Only scan AI/ML systems you are authorized to test. Unauthorized scanning of AI systems is both unethical and potentially illegal.


Step 1 — Create a Scan Configuration

A Scan Configuration defines the target model and how the scan should run.

  1. Go to AI/ML Scanning → Configurations

  2. Click New Configuration

  3. Fill in the settings:

    SettingRequiredDescription
    NameYesUnique name for this configuration
    Target ModelYesThe model to test (e.g., gpt-4, llama-3-8b)
    Target Model TypeYesOpenAI-compatible, Ollama, or Anthropic
    API KeyIf neededAPI key for the target model
    Controller ModelYesThe AI model that generates attack prompts
    IterationsYesHow many attack attempts to run (1–100)
    IntensityYesLow, Medium, or High attack intensity
    Security LevelYesHow strictly the scanner evaluates responses
    FirewallToggleSimulate WAF/content filtering during scan
    Custom RulesNoAdditional instructions for the attack controller
  4. Click Save Configuration


Step 2 — Configure HTTP Settings (Optional)

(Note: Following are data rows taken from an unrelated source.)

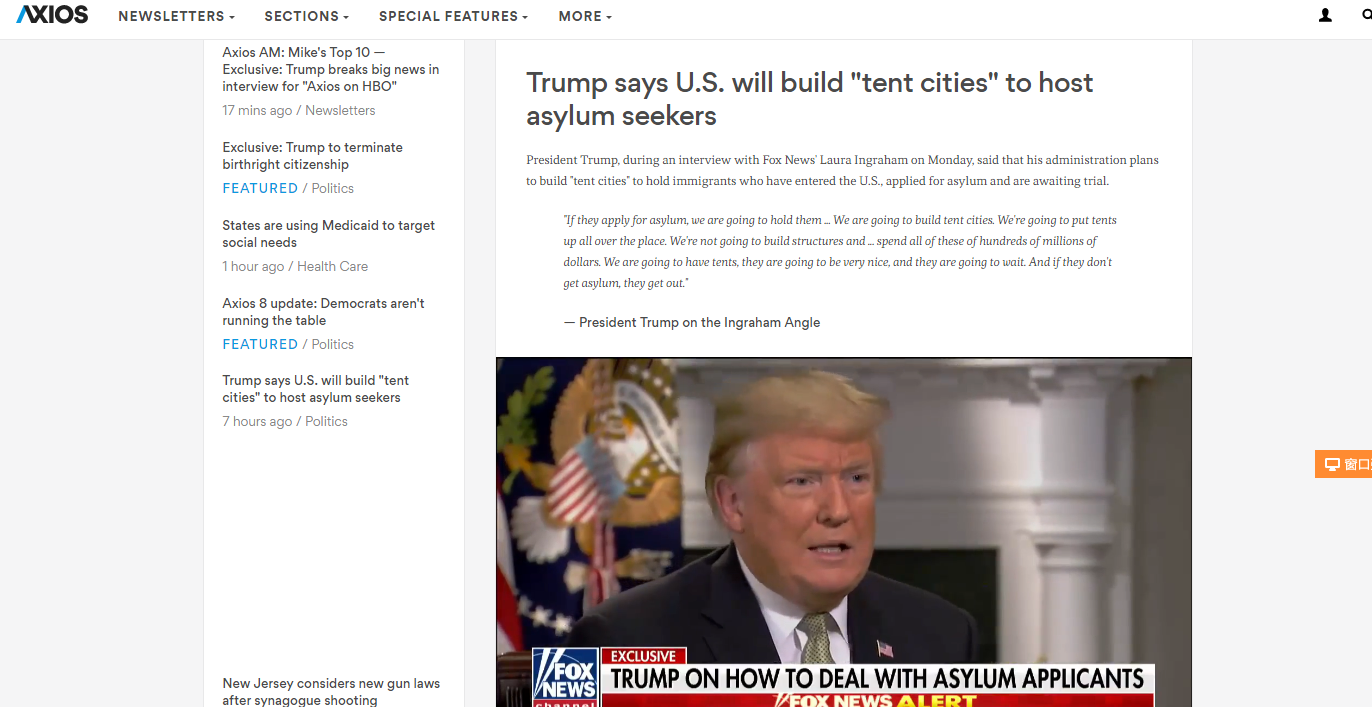 特朗普拟终结“生在美国就是美国人”政策 10月30日,美国总统特朗普在接受美国新媒体公司Axios独家专访时表示,他计划签署一项行政命令,取消非美国公民的婴儿公民权以及在美国本土出生的非法移民的公民权。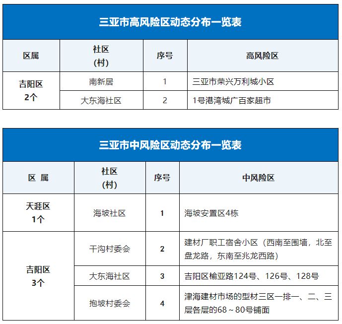 9月19日,記者從海南省三亞市新型冠狀病毒肺炎疫情防控工作指揮部獲悉,根據(jù)當(dāng)前三亞市疫情防控工作需要,按照國(guó)務(wù)院應(yīng)對(duì)新型冠狀病毒肺炎疫情聯(lián)防聯(lián)控機(jī)制綜合組《新型冠狀病毒肺炎防控方案(第九版)》相關(guān)規(guī)定,經(jīng)專(zhuān)家組研判,三亞市疫情防控指揮部決定,將紅旗街社區(qū)椰風(fēng)巷79、81、83號(hào)樓等區(qū)域調(diào)整為低風(fēng)險(xiǎn)區(qū),自通告發(fā)布起,高風(fēng)險(xiǎn)區(qū)調(diào)整為2個(gè)、中風(fēng)險(xiǎn)區(qū)調(diào)整為4個(gè)(見(jiàn)附表)。除高、中風(fēng)險(xiǎn)區(qū)外的區(qū)域?yàn)榈惋L(fēng)險(xiǎn)區(qū)。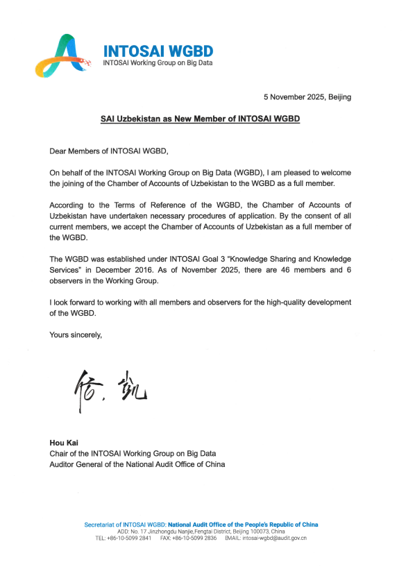 O‘zbekiston Respublikasi Hisob palatasi Oliy audit organlari xalqaro tashkiloti (INTOSAI) doirasida faoliyat yurituvchi Katta hajmli ma’lumotlar (Big Data) bo‘yicha ishchi guruh (Working Group on Big Data) a’zoligiga qabul qilindi.

If the target model is behind a custom HTTP endpoint (not a standard API), you can configure:

  • Custom headers
  • Base URL overrides
  • Authentication tokens

Go to AI/ML Scanning → HTTP Configurations to set this up.


Step 3 — Run a Scan

  1. Go to AI/ML Scanning → Scans
  2. Select your saved configuration
  3. Click Start Scan
  4. The scan runs automatically — each iteration sends attack prompts and records responses

You can monitor the scan in real time as results come in.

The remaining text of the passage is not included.